DISQUS

newcritics: The terrible loneliness of being free

  • The Viscount · 2 years ago
    I saw the film when it was in theaters. I didn't see much of the nuance back then that you have so deftly described, but I liked it all the same. My friend and co-worker (who was some 25 years older,) was from the Soviet Union. He had managed to get out in the mid-seventies. I remember thinking during the movie that I couldn't wait to ask him his opinion.

    "I don't like!"

    "Why not?"

    "It vas bullshit propaganda!"

    "Really?"

    "I deedn't like za way zey showed life in Soviet Union."

    "Oh. Not so bad there?"

    "NOT SO BAD??? IT VAS VORSE! Zey made life in Soviet Union seem LIVE-ABLE!"

    Not surprisingly, while he loved it here, he had a hard time with Americans.

    "In Soviet Union, we had to fight for every tiny scrap of freedom! Here, you have all za freedom in za world, and you don't appreciate. You shit on freedom as if it is vorthless!"
  • Dan Leo · 2 years ago
    Ah, Viscount, what a great little story. For some reason this anecdote reminds me again of how I felt when I first saw photos of Americans putting hoods over prisoners' heads. How did Americans become the sort of people who put hoods over prisoners' heads? And then of course it just got worse. My WWII vet dad would have been fucking outraged.

    And Lance, thanks for reminding us of this movie, which I also haven't seen in ages.
  • Tom Watson · 2 years ago
    Great piece Lance and I think your interpretation is right on (like the Viscount, I was just munching popcorn and digging the performances 23 years ago).

    I think it's definately a movie of its time - defection, so quaint, my kids wouldn't get it - but the freedom theme....Yeah, that's out there.
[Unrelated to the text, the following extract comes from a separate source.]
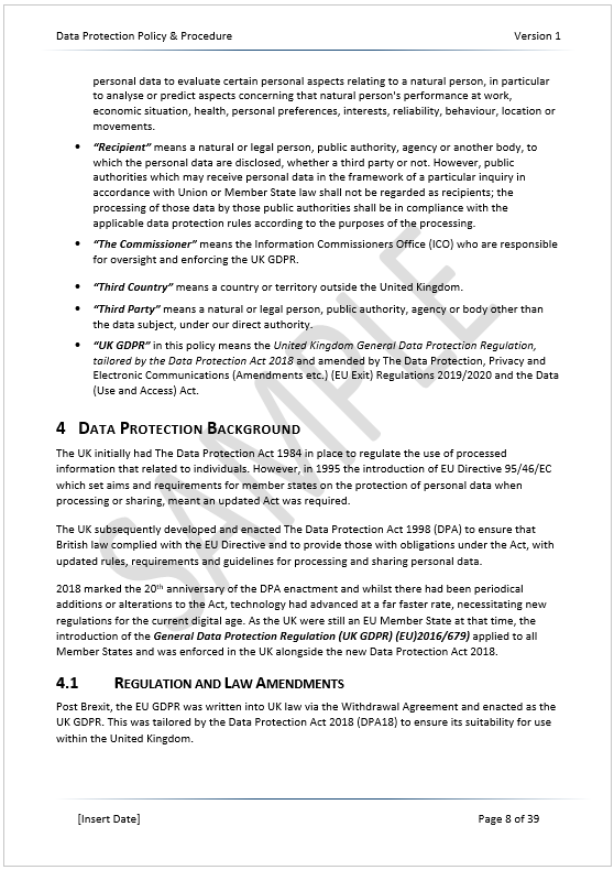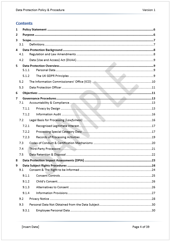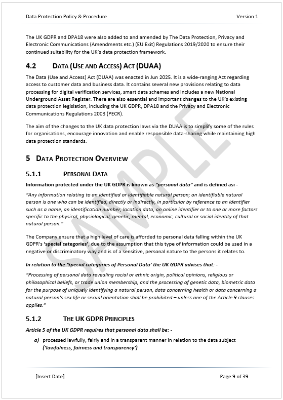 Our GDPR Data Protection Policy Template is a standalone policy that covers the main data protection requirements, including the latest Data (Use and Access) Act 2025 rules. Data protection compliance cannot be maintained in an 8-page policy! GDPR is a vast area that requires in-depth compliance. Our 38-page GDPR policy template aligns fully with the UK GDPR Articles and Recitals. It complies with the UK’s DPA18 and the ICO requirements. We have also included a free Excel Information Audit template to document your data processing channels and framework.

I think Mazursky had the same theme in mind two years later with Down and Out in Beverly Hills, only instead of global politics, it was the clas/money line - ie, what's really free?

    Nick Nolte's character was all about freedom - Bette Midler had none.
  • Lance Mannion · 2 years ago
    Dan, I don't want to make too much of it, but it's a small gem of a film, if not a minor classic of the last 25 years.

    Tom, I need to see Down and Out again, but you're right, it's a good companion piece to Moscow.

    Viscount, it's ironic---your friend's last speech there? He sounds just like Robin Williams does in one of the later scenes in the movie. I swear Williams has a line that's close to word for word what your friend said.

    I've known several people who came here from Soviet Bloc countries who had one thing in common---they couldn't stand it that nobody here hated the Soviet Union as much as they did. Of course, you couldn't hate it enough for them. Even if you agreed it was a terrible place, they got mad because you didn't sound mad enough about it.
  • Lance Mannion · 2 years ago
    One more thing. Tom, I watched the movie with the soon to be 14 year old. He's a bit of a history buff anyway, but he'd also recently studied the Cold War in school, so the defection plot, even the facts of life behind the Iron Curtain, resonated with him.

    I suppose it's like asking how well do you have to understand why all those people are waiting around Casablanca for the plane to Lisbon. But I think the movie itself teaches the lesson it needs us to know in order to follow the rest of movie.
  • Tom Watson · 2 years ago
    Oh sure, the "escape" from controlling evil and enslavement plot can work even if the political situation is far in the past, or made up (Star Wars, et al).

    I think for Robin Williams, his Russky character and the fear he shows come back as a different character, but you feel the fear and the weird freedom too, as the damaged loner in the Fisher King.